#### MATERIAL PROVIDED

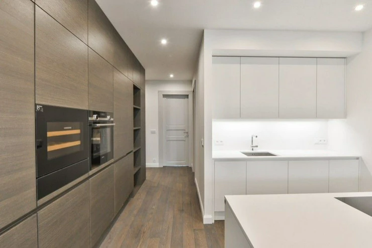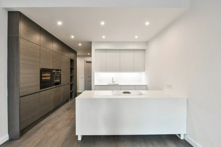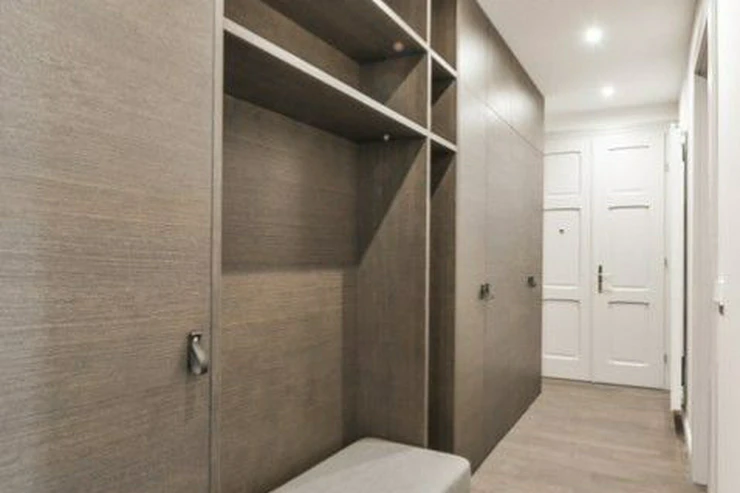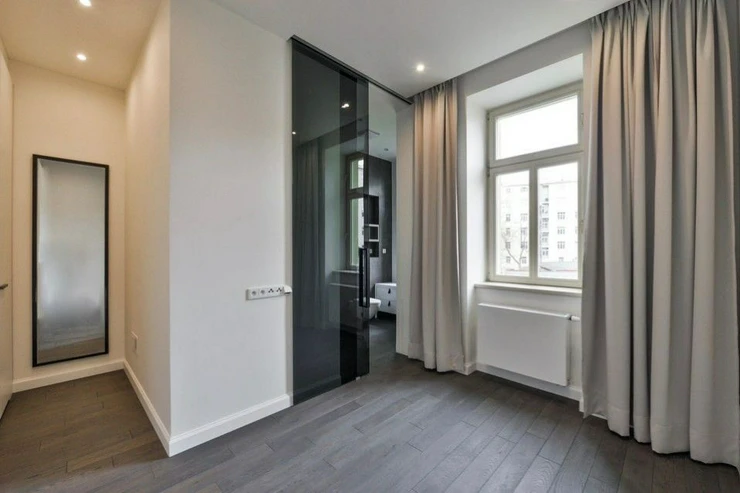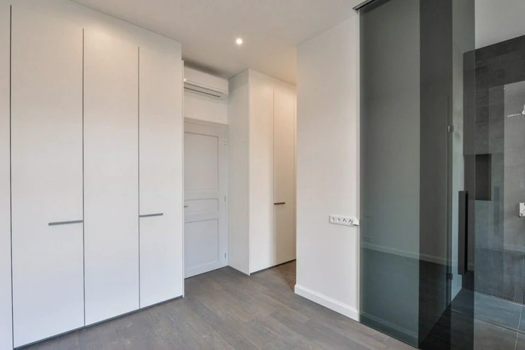 The interior of the apartment consists of an open living room with a fully equipped kitchen and dining area, a master bedroom with a spacious dressing room and a sun suite bathroom with a bathtub, a second bedroom with a dressing room, a bedroom oriented to a quiet landscaped courtyard, another bathroom with a shower corner, plenty of storage space, an entrance hall with wardrobes, utility room.
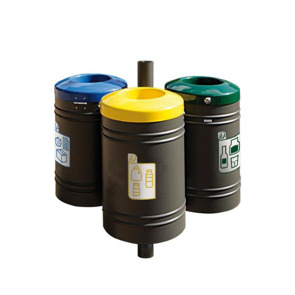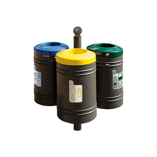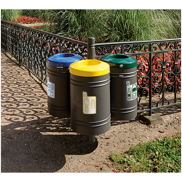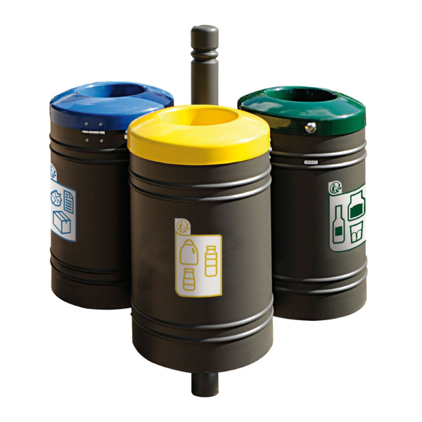 Ensemble de tri sélectif prêt à l’emploi, il ne vous reste qu’à choisir la finition du poteau central et le coloris des corbeilles !
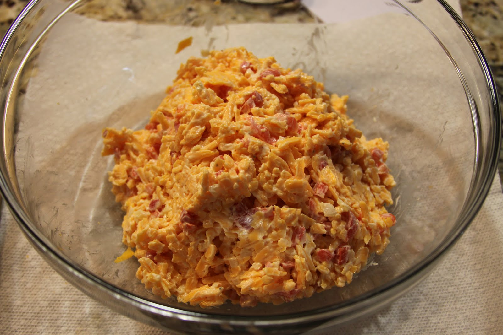 Stir in mayo, mustard, pimentos and cayenne. Add salt and pepper.
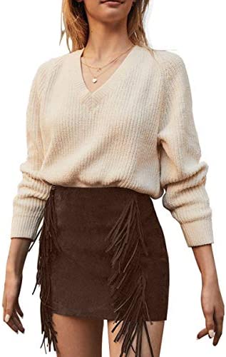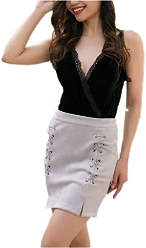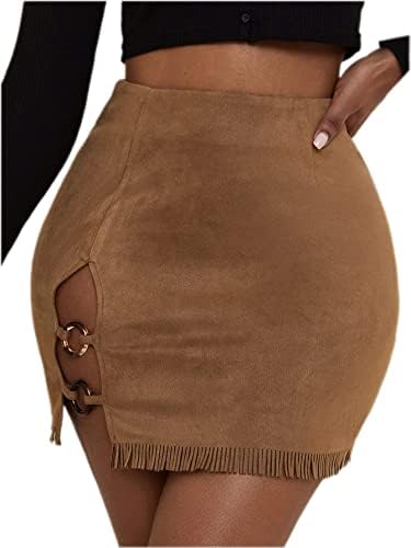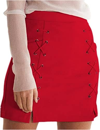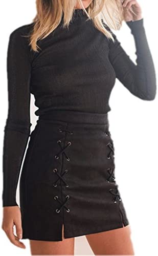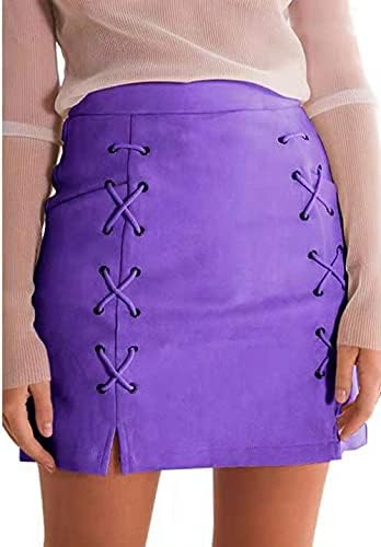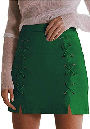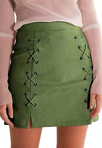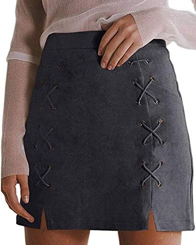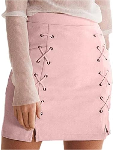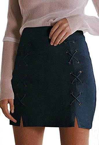 katiewens Women's Classic High Waist Lace Up Bodycon Faux Suede A Line Mini Pencil Skirt
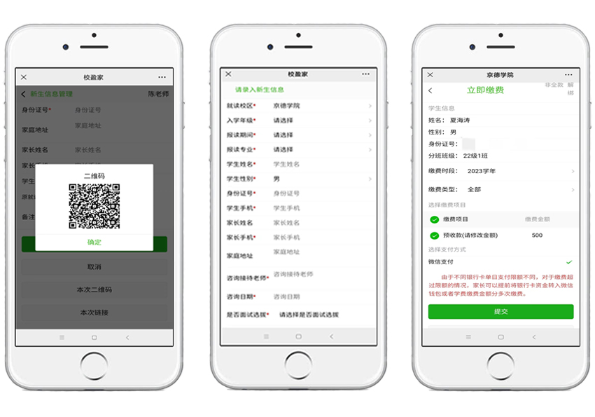因学校招生缴费流程繁琐,校盈家实现学校线上招生预缴费管理,一键采集学生信息,自动统计招生来源和缴费数据,让学校招生缴费更智能。
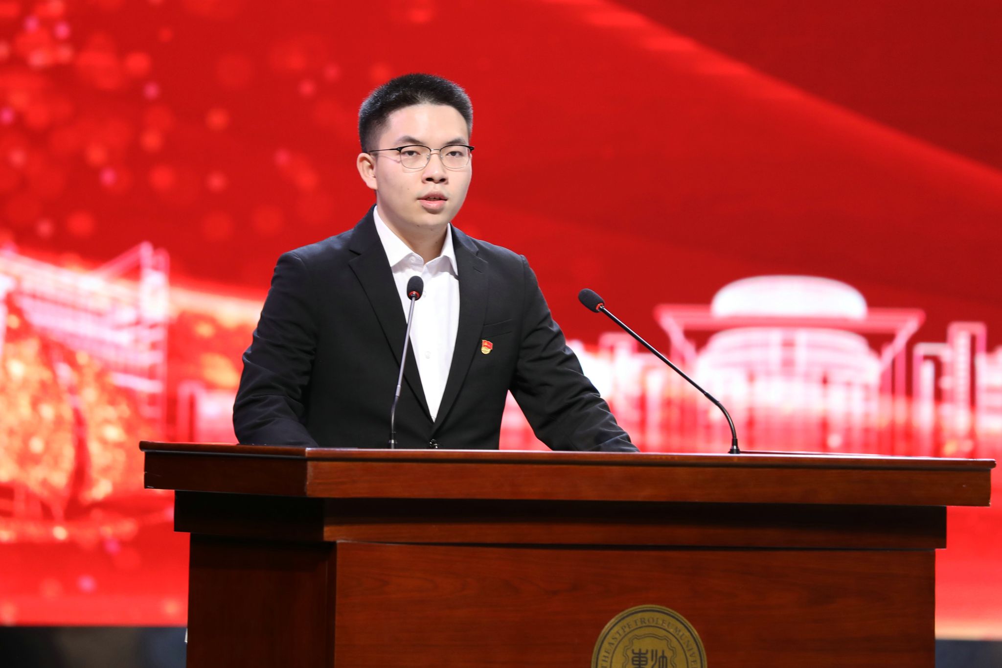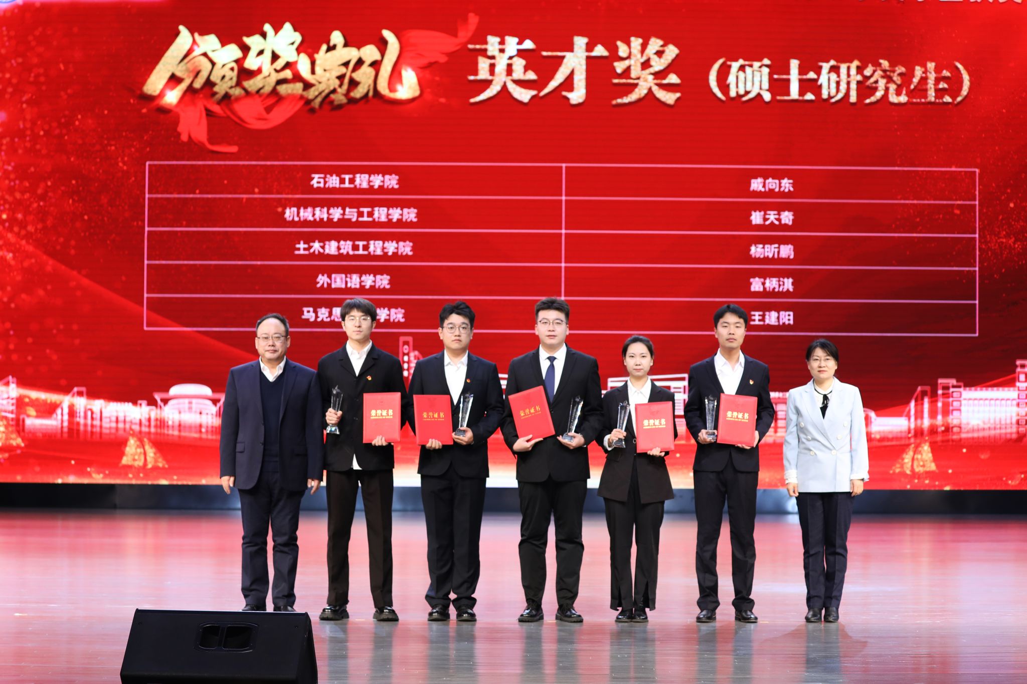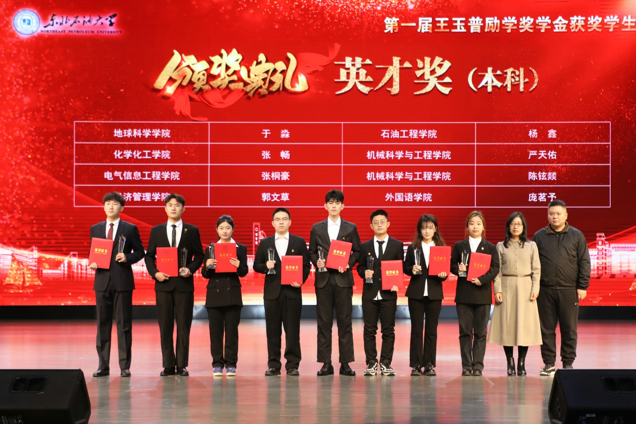 KY官网严天佑代表获奖学生发言。他向王玉普院士、各位捐赠人、学校、老师表达感谢,表示要心怀感恩、不负期待、勤学知识、苦练本领,传承弘扬大庆精神铁人精神,接过老一辈石油人手中的旗帜,助力国家能源事业发展,让青春在中国式现代化火热实践中绽放绚丽之花。
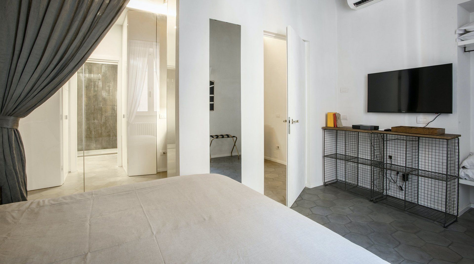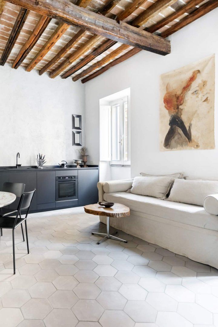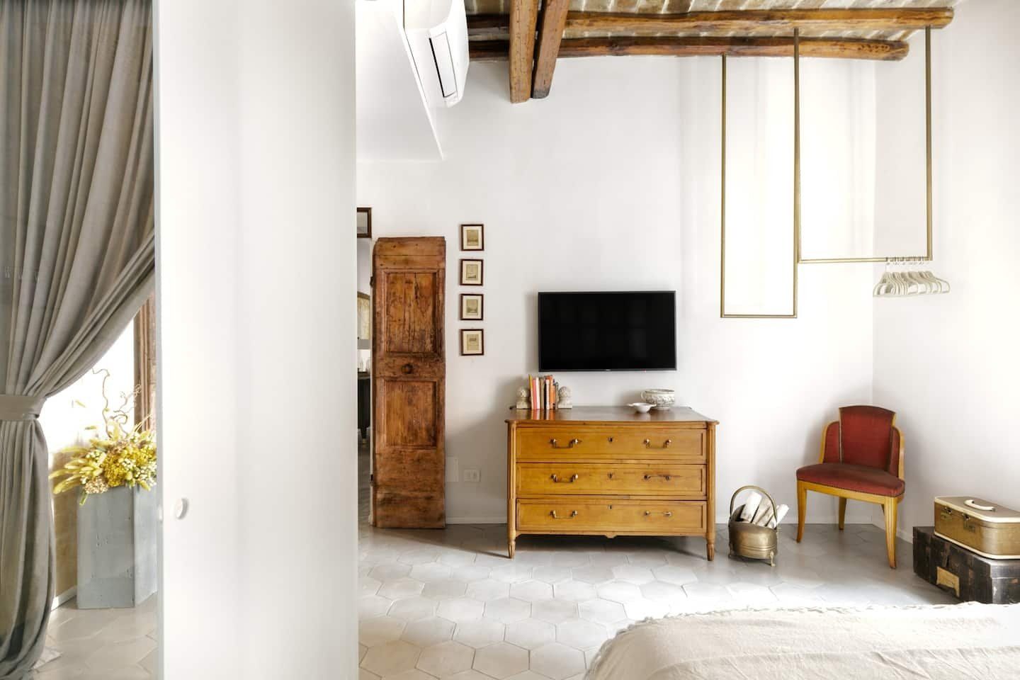 Obsidian & Cream is a quietly stylish home located in the South West of Rome in the heart of Trastevere, renowned for its narrow streets and authentic Italian feel. Here, the city's busiest sights are left behind for charming backstreets, lined by cosy cafes and shops. You'll be able to stroll along the River Tiber, take a trip to the Basilica Di Santa Maria (a two-minute walk away), and come back to relax in this welcoming apartment all in an afternoon's escapades. With sleek bathrooms and two truly comfortable bedrooms as well as extra space on the sofa bed, this humble abode would suit a group of friends in Rome for a few days perfectly. While there may be lots of sights to tick off around the city, the home invites guests to unwind in pure comfort as the warm, earthy tones and rustic charm throughout, makes for a laid-back ambience worth writing home about. We particularly love dark wooden doors and beams that run across the ceilings – as well as the beautiful stone sink in the master bathroom. Trust us when we say, you won't want to leave the relaxed way of living here, let alone the feeling of zen that flows freely around this apartment.

########

__WHAT YOU NEED TO DO__. Once the line with "Ensemble de tri" is found in the data above, reproduce it and each line after it exactly, through the line with "KY官网严天佑代表获奖学生发". Omit the pictures.

__REPLY__.
 Ensemble de tri sélectif prêt à l’emploi, il ne vous reste qu’à choisir la finition du poteau central et le coloris des corbeilles !
 Stir in mayo, mustard, pimentos and cayenne. Add salt and pepper.
 katiewens Women's Classic High Waist Lace Up Bodycon Faux Suede A Line Mini Pencil Skirt
因学校招生缴费流程繁琐,校盈家实现学校线上招生预缴费管理,一键采集学生信息,自动统计招生来源和缴费数据,让学校招生缴费更智能。
 KY官网严天佑代表获奖学生发言。他向王玉普院士、各位捐赠人、学校、老师表达感谢,表示要心怀感恩、不负期待、勤学知识、苦练本领,传承弘扬大庆精神铁人精神,接过老一辈石油人手中的旗帜,助力国家能源事业发展,让青春在中国式现代化火热实践中绽放绚丽之花。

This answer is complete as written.